Prostate cancer has been linked to a transient potential melastatin 8 (8TRPM8) marker. TST increases, causing transient elevations in the cytosolic calcium2+ concentration. These results were independent of AR bioavailability. Moreover, the absence of AR does not alter the TRPM8 response to TST. These data support the hypothesis.
The TRPV5 label is an atom specific chemical structure that binds with the S1 to S4 region of TRPV5. Its binding pocket is composed of the S3 linker of one monomer and the S4-S5 helices of the other monomer. The binding pocket allows for unambiguous placements of side chains and backbones. It has a local resolution between 3.0-3.5 A. Researchers docked twelve millions compounds into the TRPV5 wallet using the Schrodinger Suite 2018-1. These compounds were taken from the ZINC15 "Drugs Now" library.

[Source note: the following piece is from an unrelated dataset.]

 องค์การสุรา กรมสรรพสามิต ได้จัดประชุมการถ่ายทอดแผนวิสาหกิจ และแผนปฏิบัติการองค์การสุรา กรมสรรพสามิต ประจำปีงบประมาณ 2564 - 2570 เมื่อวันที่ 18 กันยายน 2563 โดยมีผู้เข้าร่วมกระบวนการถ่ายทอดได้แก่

The TRPV5 monomer is identical in starting structure. It was therefore used in the development of a model protein. The Schrodinger's Receptor Grid generation tool was used to generate a docking grid centered on the lipid molecule's center in the binding pocket of monomer A. The outer grid box's dimensions were 30 A x 30 A. After the protein monomer had docked, the TRPV5 markers could be visualized with qRTPCR.
The nanodisc was pre-incubated in 3 mM F–Fos Choline eight to analyze the TRPV5 proteins. It was then double-blotted using 1.2/1.3 Quantifoil Hley Carbon grids. These grids are available from Quantifoil Micro Tools. The method for performing electron imaging is simple. It involves a liquid Ethane vitrifier with a Gatan K2 Summit electron detector. Then, a 40-frame movie was collected at a nominal dose of 40 e-/A2 and a dose rate of 5 e-/s/phys. The film was then scanned.

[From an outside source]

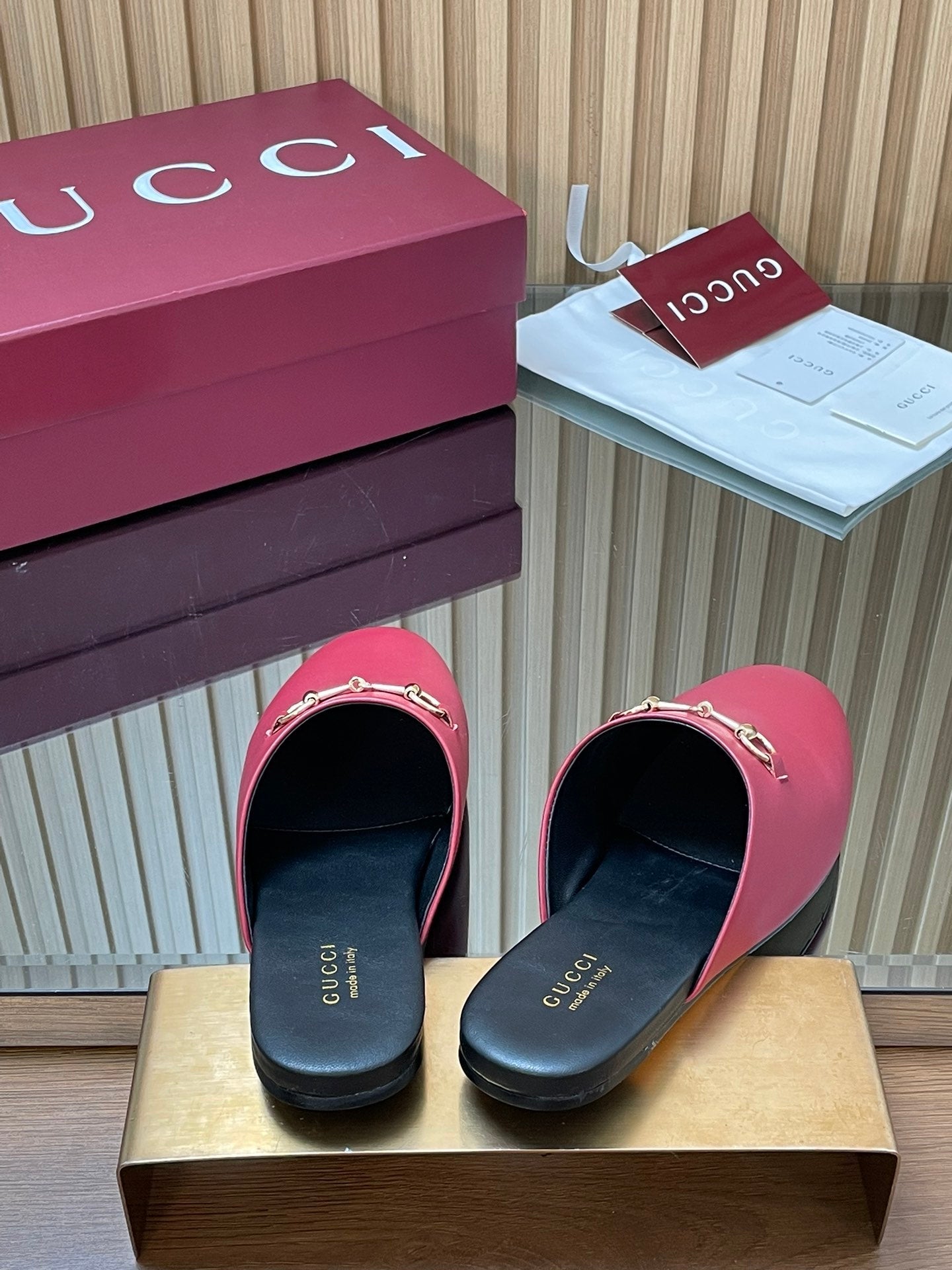 Gucci 25 Horsebit Mule Red Gold Cowhide 563084

A 4-kb fragment was amplified via PCR to create the TRPV5 gene. The fragment was then subcloned into the PmeI site of pBS KS(+) vector. The vector also contained the neomycin-flanked site loxP. The monolayers were used for germline transmission to create chimeras.

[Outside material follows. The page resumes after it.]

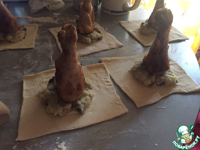 На каждый квадратик с начинкой выкладываем в центр куриную голень.

PRL-stimulated Ca transport relies on TRPV5. Cav1.3, which is a calcium channel, is overexpressed in the absence of this ionchannel. The TRPV5 Mark is an efficient way of determining whether a protein has functional properties. This protein is important for the absorption of calcium, as it facilitates calcium transport. TRPV5 also plays an important role in many other processes in the body, such as the regulation of hormones and immune responses and bone metabolism.
PMID: 10945469 by Mueller D., et al. Molecular cloning, tissue distribution, and chromosomal mapping of the human epithelial calcium channel (ECAC1).
PMID: 11549322 by Peng J.-B., et al. Structural conservation of the genes encoding CaT1, CaT2, and related cation channels.